NAME
Lucy::Search::Compiler - Query-to-Matcher compiler.
SYNOPSIS
# (Compiler is an abstract base class.)
package MyCompiler;
use base qw( Lucy::Search::Compiler );
sub make_matcher {
my $self = shift;
return MyMatcher->new( @_, compiler => $self );
}
DESCRIPTION
The purpose of the Compiler class is to take a specification in the form of a Query object and compile a Matcher object that can do real work.
The simplest Compiler subclasses – such as those associated with constant-scoring Query types – might simply implement a make_matcher() method which passes along information verbatim from the Query to the Matcher’s constructor.
However it is common for the Compiler to perform some calculations which affect it’s “weight” – a floating point multiplier that the Matcher will factor into each document’s score. If that is the case, then the Compiler subclass may wish to override get_weight(), sum_of_squared_weights(), and apply_norm_factor().

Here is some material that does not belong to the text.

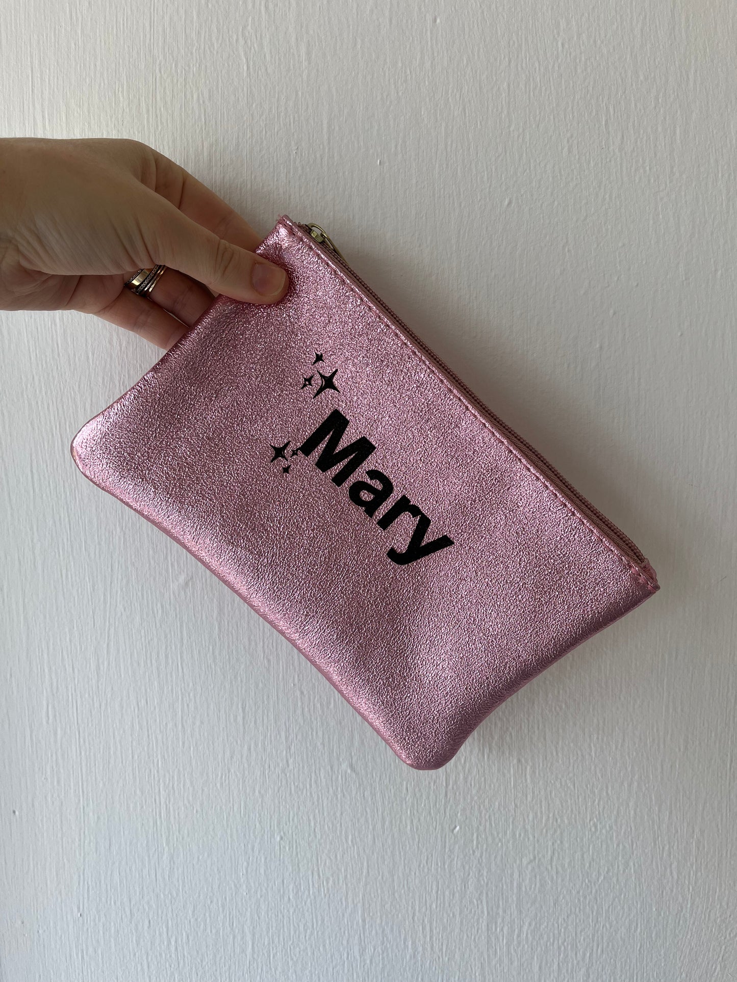 Elevate your essentials with the SUPER NOVA ZIP POUCH, a luxurious 8x5" flat accessory crafted from premium Italian leather by Les Cleias. Available in ten eye-catching metallic finishes, this versatile pouch secures your belongings with a reliable zipper closure. Make it uniquely yours with optional personalization—the perfect blend of practicality and sophisticated style for organizing everything from cosmetics to travel documents.

Compiling a Matcher is a two stage process.
The first stage takes place during the Compiler’s construction, which is where the Query object meets a Searcher object for the first time. Searchers operate on a specific document collection and they can tell you certain statistical information about the collection – such as how many total documents are in the collection, or how many documents in the collection a particular term is present in. Lucy’s core Compiler classes plug this information into the classic TF/IDF weighting algorithm to adjust the Compiler’s weight; custom subclasses might do something similar.

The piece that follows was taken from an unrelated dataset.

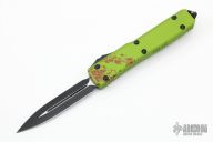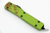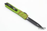 This Ultratech ZombieTech OTF Auto has a black double edged blade with fullers. Handle is toxic green anodized aluminum with custom random blood spatter pattern, and a black stainless steel tip up clip with integral glass breaker. Excellent condition. Comes with original box and papers.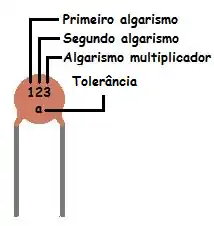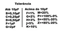 Os capacitores cerâmicos apresentam impressos no próprio corpo um conjunto de três algarismos e uma letra. Para se obter o valor do capacitor os dois primeiros algarismos representam os dois primeiros dígitos do valor do capacitor, e o terceiro algarismo (algarismo multiplicador) representa o número de zeros à direita. A letra representa a tolerância do capacitor (a qual pode ser omitida), que é a faixa de valores em que a capacitância variará. Para os capacitores cerâmicos até 10 pF esta é expressa em pF. Para os acima de 10 pF é expressa em porcentagem. Por exemplo um capacitor com 224 F impresso no próprio corpo, possuirá uma capacitância de 220 000 pF com uma tolerância de +/- 1% (seu valor pode ser um ponto percentual à mais ou a menos desse valor).[13]

The second stage of compilation is make_matcher(), method, which is where the Compiler meets a SegReader object. SegReaders are associated with a single segment within a single index on a single machine, and are thus lower-level than Searchers, which may represent a document collection spread out over a search cluster (comprising several indexes and many segments). The Compiler object can use new information supplied by the SegReader – such as whether a term is missing from the local index even though it is present within the larger collection represented by the Searcher – when figuring out what to feed to the Matchers’s constructor, or whether make_matcher() should return a Matcher at all.
CONSTRUCTORS
new
my $compiler = MyCompiler->SUPER::new(
parent => $my_query,
searcher => $searcher,
similarity => $sim, # default: undef
boost => undef, # default: see below
);
Abstract constructor.
parent - The parent Query.
searcher - A Lucy::Search::Searcher, such as an IndexSearcher.
similarity - A Similarity.
boost - An arbitrary scoring multiplier. Defaults to the boost of the parent Query.
ABSTRACT METHODS
make_matcher
$compiler->make_matcher(
reader => $seg_reader, # required
need_score => $bool, # required
);
Factory method returning a Matcher.
reader - A SegReader.
need_score - Indicate whether the Matcher must implement score().

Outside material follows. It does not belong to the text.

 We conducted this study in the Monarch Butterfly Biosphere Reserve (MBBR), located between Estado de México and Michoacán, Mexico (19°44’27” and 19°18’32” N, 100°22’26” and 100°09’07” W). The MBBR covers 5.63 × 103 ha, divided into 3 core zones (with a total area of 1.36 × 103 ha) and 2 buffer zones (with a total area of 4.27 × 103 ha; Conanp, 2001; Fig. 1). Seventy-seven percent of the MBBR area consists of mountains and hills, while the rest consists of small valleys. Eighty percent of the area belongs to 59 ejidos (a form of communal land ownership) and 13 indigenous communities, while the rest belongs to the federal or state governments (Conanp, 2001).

Returns: a Matcher, or undef if the Matcher would have matched no documents.
METHODS
get_weight
$compiler->get_weight();
Return the Compiler’s numerical weight, a scoring multiplier. By default, returns the object’s boost.
get_similarity
$compiler->get_similarity();
Accessor for the Compiler’s Similarity object.
get_parent
$compiler->get_parent();
Accessor for the Compiler’s parent Query object.
sum_of_squared_weights
$compiler->sum_of_squared_weights();
Compute and return a raw weighting factor. (This quantity is used by normalize()). By default, simply returns 1.0.
apply_norm_factor
$compiler->apply_norm_factor($factor);
Apply a floating point normalization multiplier. For a TermCompiler, this involves multiplying its own weight by the supplied factor; combining classes such as ORCompiler would apply the factor recursively to their children.
The default implementation is a no-op; subclasses may wish to multiply their internal weight by the supplied factor.
factor - The multiplier.
normalize
$compiler->normalize();
Take a newly minted Compiler object and apply query-specific normalization factors. Should be invoked by Query subclasses during make_compiler() for top-level nodes.
For a TermQuery, the scoring formula is approximately:
(tf_d * idf_t / norm_d) * (tf_q * idf_t / norm_q)
normalize() is theoretically concerned with applying the second half of that formula to a the Compiler’s weight. What actually happens depends on how the Compiler and Similarity methods called internally are implemented.
INHERITANCE
Lucy::Search::Compiler isa Lucy::Search::Query isa Clownfish::Obj.